Eliane Giardini: “Anastácia foi um exercício de contenção pra mim no comportamento e nas emoções”

Após a expansiva Muricy, atriz é destaque agora na reprise de Êta Mundo Bom!


  • 06 de maio de 2020
Foto: Globo/João Cotta


Depois de dar show como a Muricy de Avenida Brasil, Eliane Giardini volta ao ar no Vale a Pena ver de Novo como a rica empresária Anastácia em Êta Mundo Bom!. Uma das nossas maiores atrizes, ela dá aula de interpretação, sai de uma personagem para lá de expansiva para uma mais contida, sofrida, que vive para encontrar o filho roubado, Candinho (Sergio Guizé). “Anastácia foi um exercício de contenção muito bom. No comportamento e nas emoções. Gostei de trabalhar com limites”, conta.

Para a atriz, é uma delícia rever trabalhos com tranquilidade, o que não consegue na época em que está gravando, quando admite ser bastante crítica consigo. Êta Mundo Bom!, além de lhe marcar pelo texto maravilhoso de Walcyr Carrasco, focado na positividade, ela lembra do clima maravilhoso nos bastidores e da troca com o elenco. E, claro, não esquece do saudoso Jorge Fernando. A trama foi o seu primeiro e último trabalho com o diretor, que morreu em 2019. “Sinto um calor no coração quando lembro dele”, afirma.

Eliane iniciou a carreira no teatro, em 1975, e só veio saborear o reconhecimento na TV por volta dos 40 anos. Desde então, fez papéis emblemáticos, como a solteirona Nazira, de O Clone, a fogosa viúva Neuta, de América, e a cômica Muricy, de Avenida Brasil

Como é se despedir de Avenida Brasil e ao mesmo tempo relembrar Êta Mundo Bom!, trabalhos tão diferentes? É bem interessante porque são trabalhos realmente muito diferentes e com muita qualidade. Para a Anastácia gravava cenas com poucas pessoas, era um set silencioso, muito concentrado. Já Avenida Brasil tinha muita gente em cena, sempre com uma liberdade de improviso, que era uma característica da novela. Demorávamos para gravar, era um processo bem diferente e igualmente prazeroso. 

O que o trabalho de interpretação em Êta Mundo Bom! teve de mais especial? Anastácia foi um exercício de contenção muito bom. No comportamento e nas emoções. Gostei de trabalhar com limites.

Qual foi a cena mais emocionante que gravou na novela? Me lembro de uma cena logo no começo da novela quando Anastácia vai à igreja rezar para encontrar o filho e ele também está lá rezando. Estão os dois fazendo o mesmo pedido, sem saberem que estão lado a lado. Mas a mais emocionante foi sem dúvida o encontro dos dois, mãe e filho num abraço apertado.

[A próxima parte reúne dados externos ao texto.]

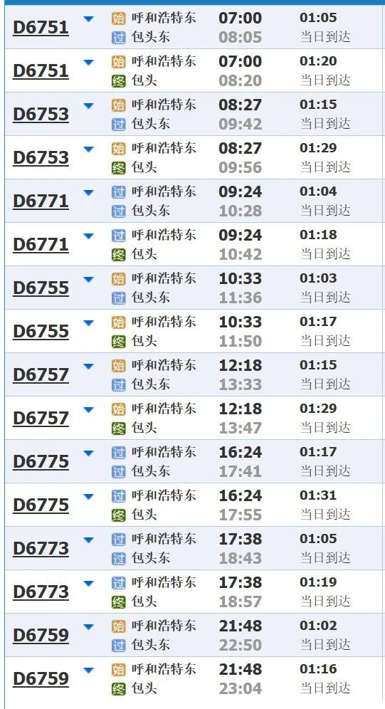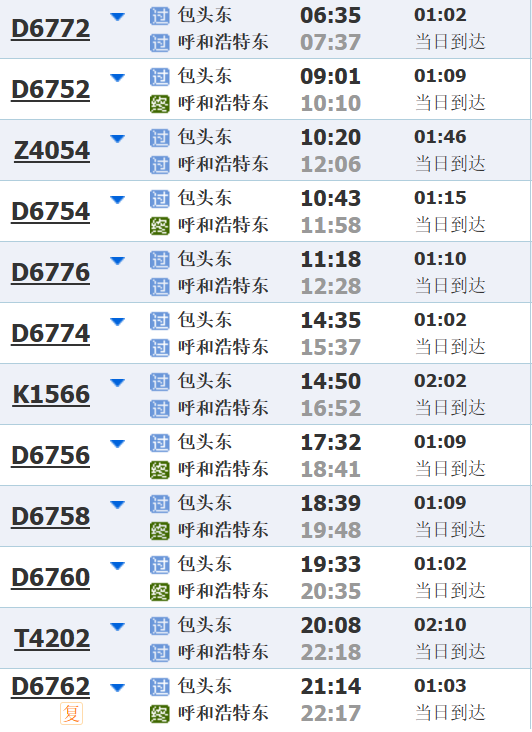 包头⇌呼和浩特部分车次信息

Anastácia (Eliane Giardini). Foto: Globo/Divulgação

Quais as principais lembranças que guarda dos tempos de gravação? Jorge Fernando. Foi a primeira e última novela que fiz com ele. Um diretor criativo e afetuoso. Sinto um calor no coração quando me lembro dele.

Como foi sua parceria com Sergio Guizé, Marco Nanini e Flávia Alessandra, os atores com quem mais contracenou? Muito especiais. Guizé é um talento que se esparrama, já o admirava antes de contracenarmos. Flávia é linda e carinhosa, arrasando nas vilãs sempre. E Nanini, aquele assombro de ator que todos conhecem. Foi um luxo de parcerias.

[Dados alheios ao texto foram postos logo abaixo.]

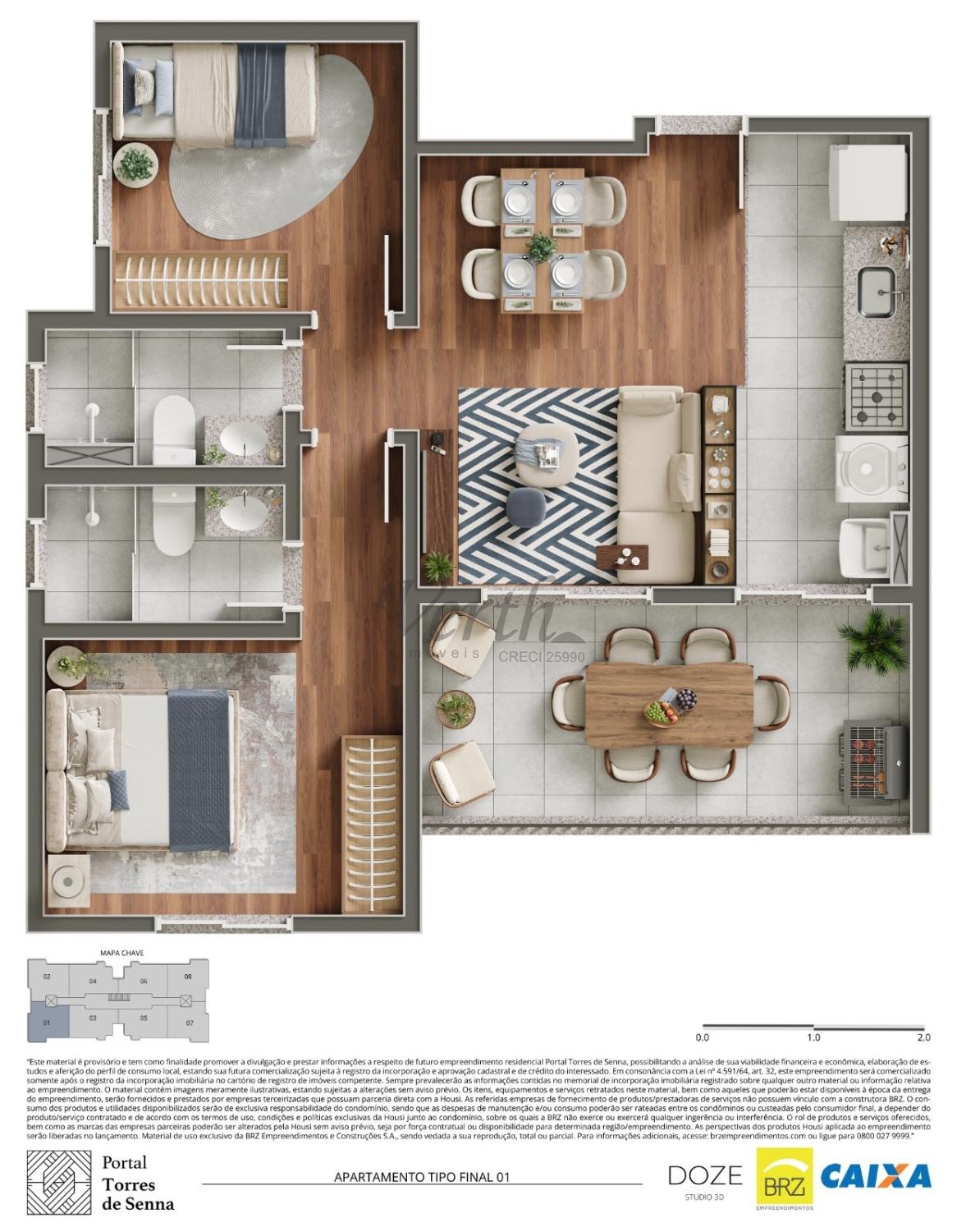 2 dormitórios, sendo 1 suíte,

Como acha que será rever a novela depois do tempo que passou? Gosto de rever meus trabalhos. É onde assisto com mais tranquilidade, à distância. Quando ainda estou fazendo, fico muito crítica e usufruo pouco.

Como está sua rotina durante a quarentena? Eu sou bastante reservada, recolhida, então não é tão difícil para mim. Tenho um universo todo em casa. Gosto muito de ler, ouvir pessoas sobre diversos assuntos, assistir filmes e séries.